### Exercise instructions
Since pictures are not part of the copy, please output only the lines from the one with "Οι συνολικές εισαγωγές" through the end of the data below, exactly as written.

Task inputs below:

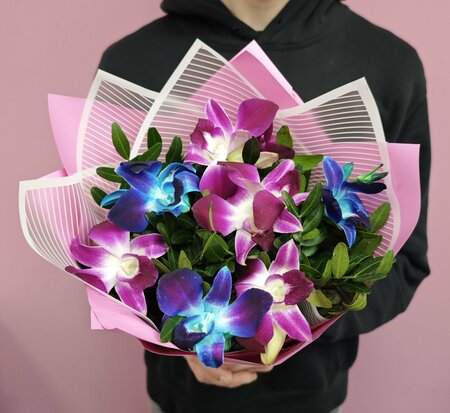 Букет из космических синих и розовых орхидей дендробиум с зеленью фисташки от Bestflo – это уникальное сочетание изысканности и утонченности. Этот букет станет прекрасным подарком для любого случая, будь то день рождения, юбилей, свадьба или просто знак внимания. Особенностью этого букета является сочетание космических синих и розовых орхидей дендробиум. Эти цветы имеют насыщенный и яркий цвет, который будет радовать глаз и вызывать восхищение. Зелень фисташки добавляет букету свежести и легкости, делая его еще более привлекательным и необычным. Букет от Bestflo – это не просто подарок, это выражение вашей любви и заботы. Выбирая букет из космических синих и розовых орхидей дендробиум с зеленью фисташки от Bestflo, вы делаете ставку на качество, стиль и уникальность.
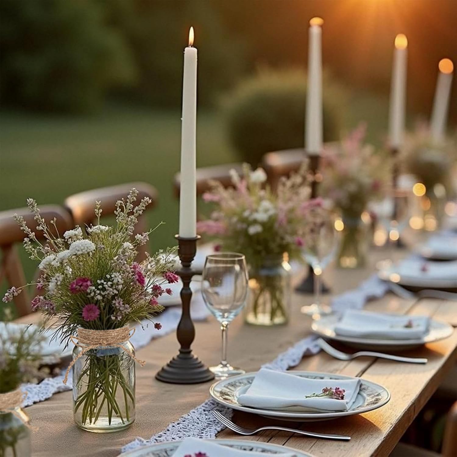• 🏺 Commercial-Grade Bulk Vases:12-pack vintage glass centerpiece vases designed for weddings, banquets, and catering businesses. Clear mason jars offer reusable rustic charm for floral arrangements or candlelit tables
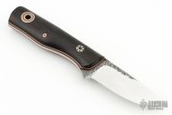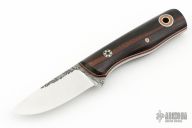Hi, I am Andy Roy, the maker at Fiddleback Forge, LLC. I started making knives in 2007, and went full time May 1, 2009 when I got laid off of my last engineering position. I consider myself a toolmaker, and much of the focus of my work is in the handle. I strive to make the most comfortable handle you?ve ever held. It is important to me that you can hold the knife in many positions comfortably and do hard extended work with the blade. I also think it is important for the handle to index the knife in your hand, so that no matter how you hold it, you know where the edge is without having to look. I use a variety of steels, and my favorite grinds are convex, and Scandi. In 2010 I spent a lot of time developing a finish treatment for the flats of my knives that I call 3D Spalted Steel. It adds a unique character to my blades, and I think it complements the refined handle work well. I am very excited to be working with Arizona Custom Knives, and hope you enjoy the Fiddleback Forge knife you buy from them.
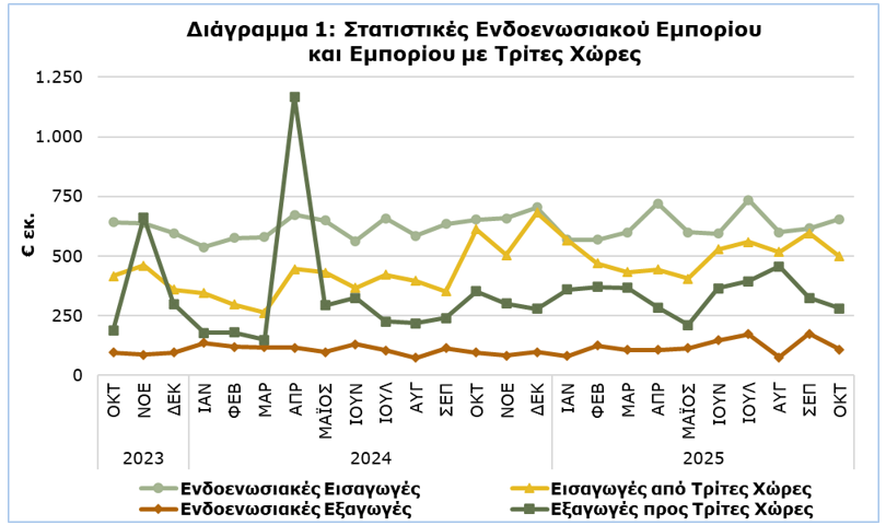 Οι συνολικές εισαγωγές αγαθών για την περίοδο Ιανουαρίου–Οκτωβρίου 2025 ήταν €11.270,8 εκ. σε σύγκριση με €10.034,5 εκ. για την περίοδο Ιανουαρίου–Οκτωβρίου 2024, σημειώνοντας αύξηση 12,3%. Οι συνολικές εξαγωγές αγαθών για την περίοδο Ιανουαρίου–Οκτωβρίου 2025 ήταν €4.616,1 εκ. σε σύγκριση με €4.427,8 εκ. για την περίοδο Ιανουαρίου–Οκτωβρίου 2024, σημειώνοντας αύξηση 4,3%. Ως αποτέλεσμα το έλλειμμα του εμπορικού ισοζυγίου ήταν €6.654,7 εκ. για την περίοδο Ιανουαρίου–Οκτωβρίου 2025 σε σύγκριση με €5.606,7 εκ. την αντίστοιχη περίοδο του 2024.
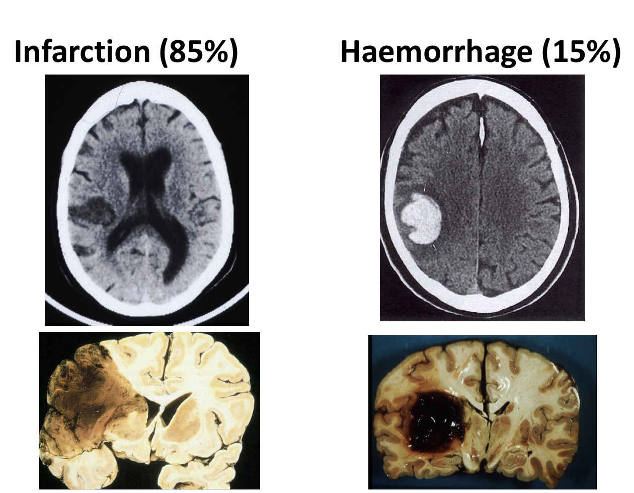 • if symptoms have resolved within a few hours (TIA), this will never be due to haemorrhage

End of Task inputs.

### Response
 Οι συνολικές εισαγωγές αγαθών για την περίοδο Ιανουαρίου–Οκτωβρίου 2025 ήταν €11.270,8 εκ. σε σύγκριση με €10.034,5 εκ. για την περίοδο Ιανουαρίου–Οκτωβρίου 2024, σημειώνοντας αύξηση 12,3%. Οι συνολικές εξαγωγές αγαθών για την περίοδο Ιανουαρίου–Οκτωβρίου 2025 ήταν €4.616,1 εκ. σε σύγκριση με €4.427,8 εκ. για την περίοδο Ιανουαρίου–Οκτωβρίου 2024, σημειώνοντας αύξηση 4,3%. Ως αποτέλεσμα το έλλειμμα του εμπορικού ισοζυγίου ήταν €6.654,7 εκ. για την περίοδο Ιανουαρίου–Οκτωβρίου 2025 σε σύγκριση με €5.606,7 εκ. την αντίστοιχη περίοδο του 2024.
 • if symptoms have resolved within a few hours (TIA), this will never be due to haemorrhage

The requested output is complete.